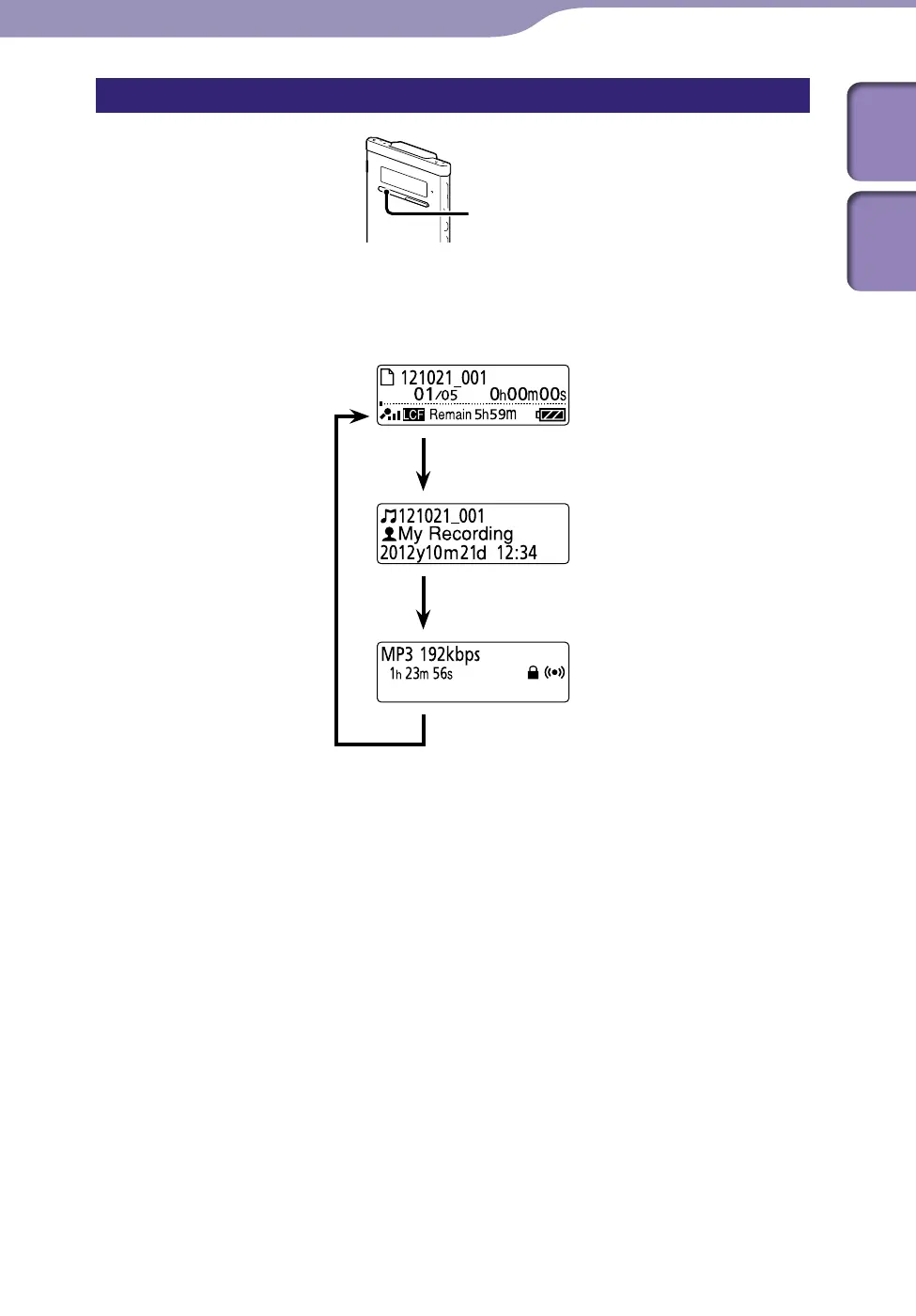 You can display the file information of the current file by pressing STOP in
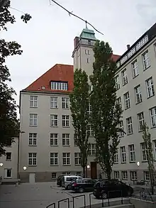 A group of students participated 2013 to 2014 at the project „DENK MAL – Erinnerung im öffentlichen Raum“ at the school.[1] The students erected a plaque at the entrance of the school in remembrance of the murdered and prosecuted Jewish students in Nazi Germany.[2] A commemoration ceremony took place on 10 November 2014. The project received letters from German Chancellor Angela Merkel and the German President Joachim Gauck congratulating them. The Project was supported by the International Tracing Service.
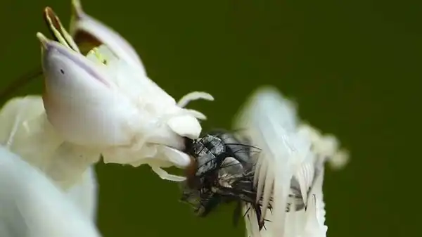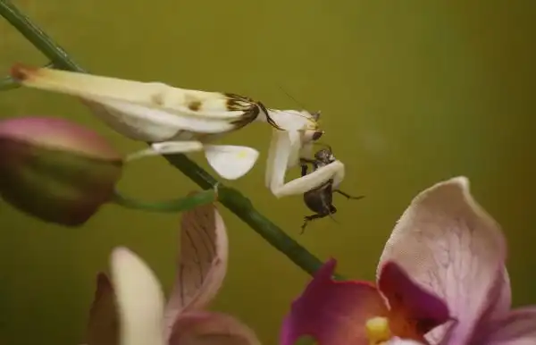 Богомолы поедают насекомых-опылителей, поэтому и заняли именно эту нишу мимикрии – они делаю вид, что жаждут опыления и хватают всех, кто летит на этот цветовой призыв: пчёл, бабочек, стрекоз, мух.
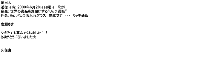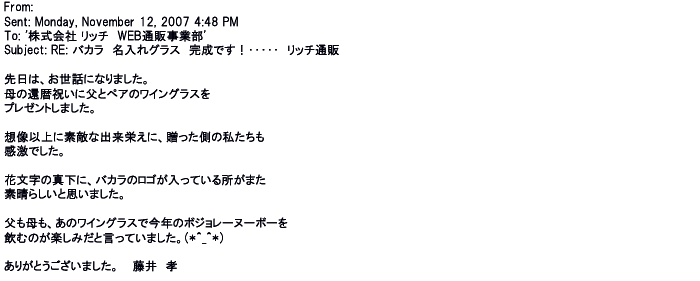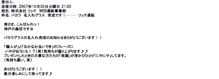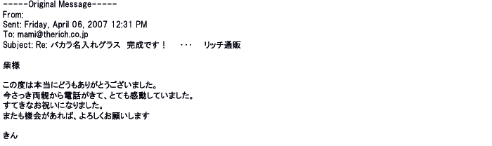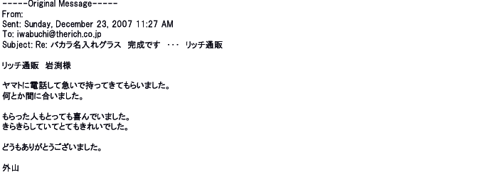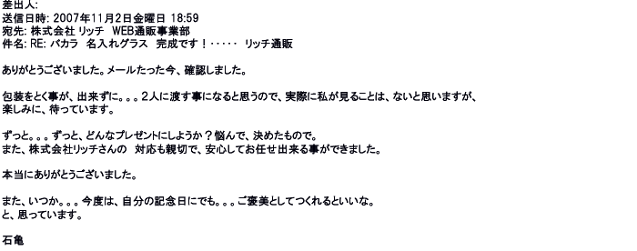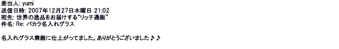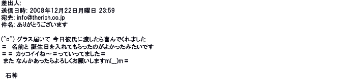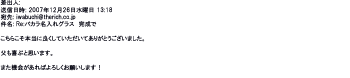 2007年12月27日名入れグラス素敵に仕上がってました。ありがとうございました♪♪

^^^^^^^^

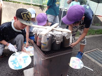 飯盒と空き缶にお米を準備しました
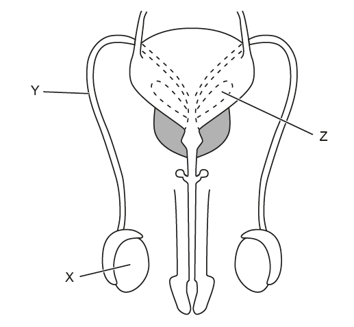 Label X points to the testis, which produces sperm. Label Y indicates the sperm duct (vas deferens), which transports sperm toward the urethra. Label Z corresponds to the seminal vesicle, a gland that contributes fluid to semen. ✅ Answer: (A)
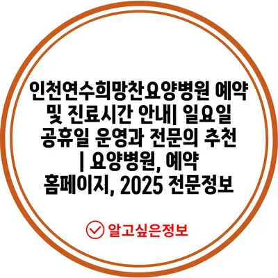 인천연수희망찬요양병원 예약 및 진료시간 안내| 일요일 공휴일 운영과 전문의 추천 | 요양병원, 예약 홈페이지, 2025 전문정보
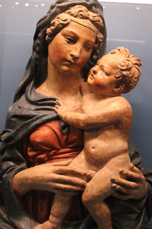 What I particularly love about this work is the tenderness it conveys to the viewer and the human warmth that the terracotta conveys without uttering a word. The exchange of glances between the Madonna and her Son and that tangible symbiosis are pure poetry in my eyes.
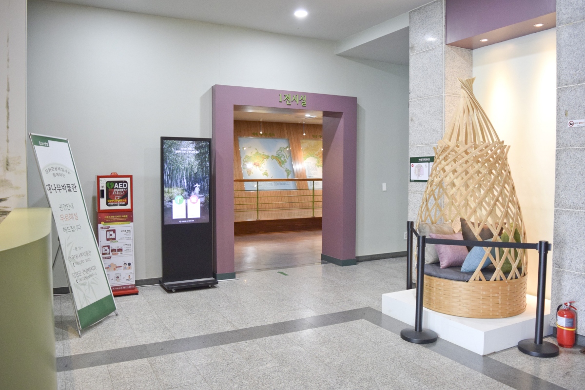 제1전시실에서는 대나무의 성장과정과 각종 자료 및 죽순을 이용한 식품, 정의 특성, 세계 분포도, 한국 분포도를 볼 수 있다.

^^^^^^^^

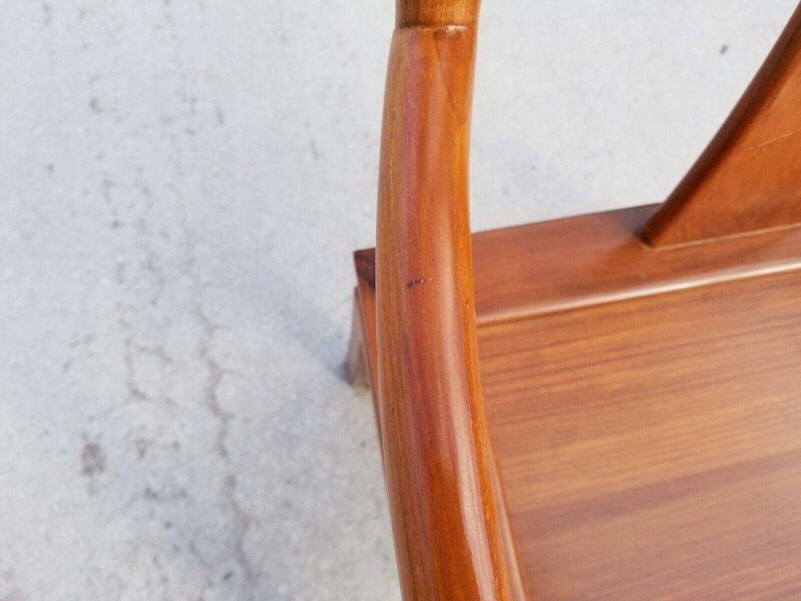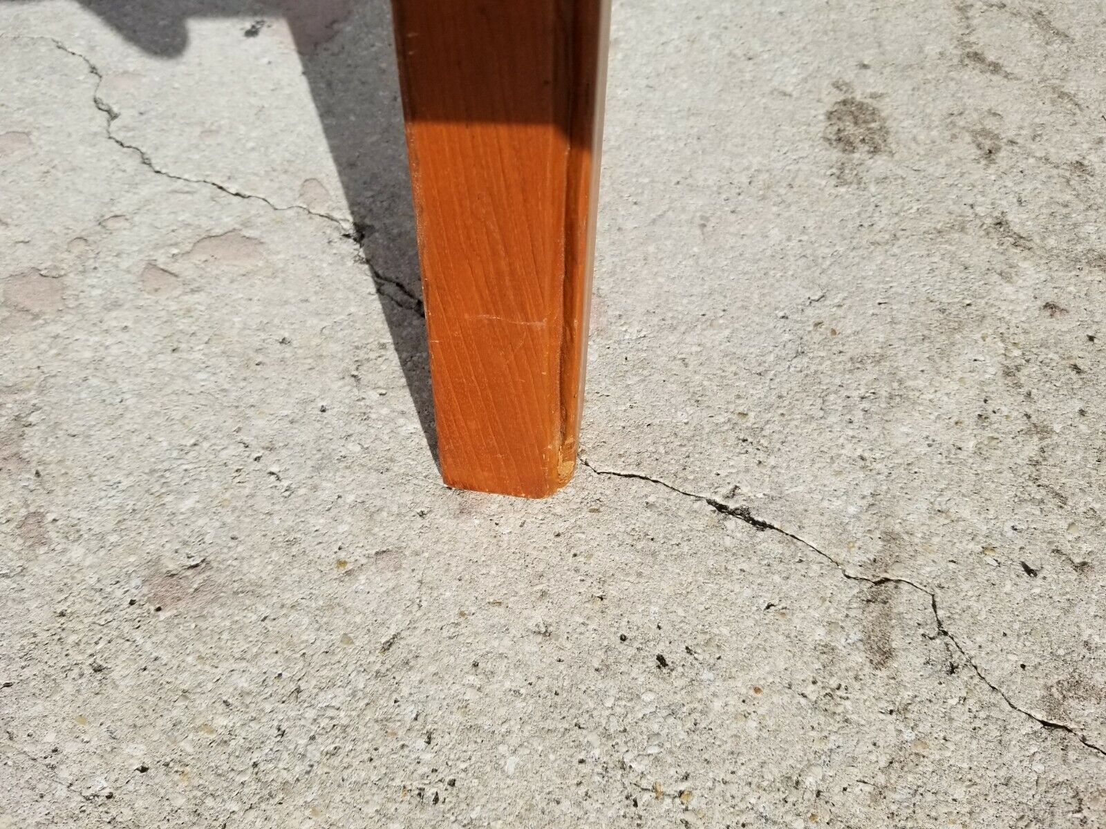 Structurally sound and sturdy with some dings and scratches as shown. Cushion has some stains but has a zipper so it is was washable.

^^^^^^^^

**What the task requires:**
Copy back exactly the lines above from the one containing "You can display" through the one containing "2007年12月27日名入れ", and leave every picture behind.

**Response to this task:**
 You can display the file information of the current file by pressing STOP in
 A group of students participated 2013 to 2014 at the project „DENK MAL – Erinnerung im öffentlichen Raum“ at the school.[1] The students erected a plaque at the entrance of the school in remembrance of the murdered and prosecuted Jewish students in Nazi Germany.[2] A commemoration ceremony took place on 10 November 2014. The project received letters from German Chancellor Angela Merkel and the German President Joachim Gauck congratulating them. The Project was supported by the International Tracing Service.
 Богомолы поедают насекомых-опылителей, поэтому и заняли именно эту нишу мимикрии – они делаю вид, что жаждут опыления и хватают всех, кто летит на этот цветовой призыв: пчёл, бабочек, стрекоз, мух.
 2007年12月27日名入れグラス素敵に仕上がってました。ありがとうございました♪♪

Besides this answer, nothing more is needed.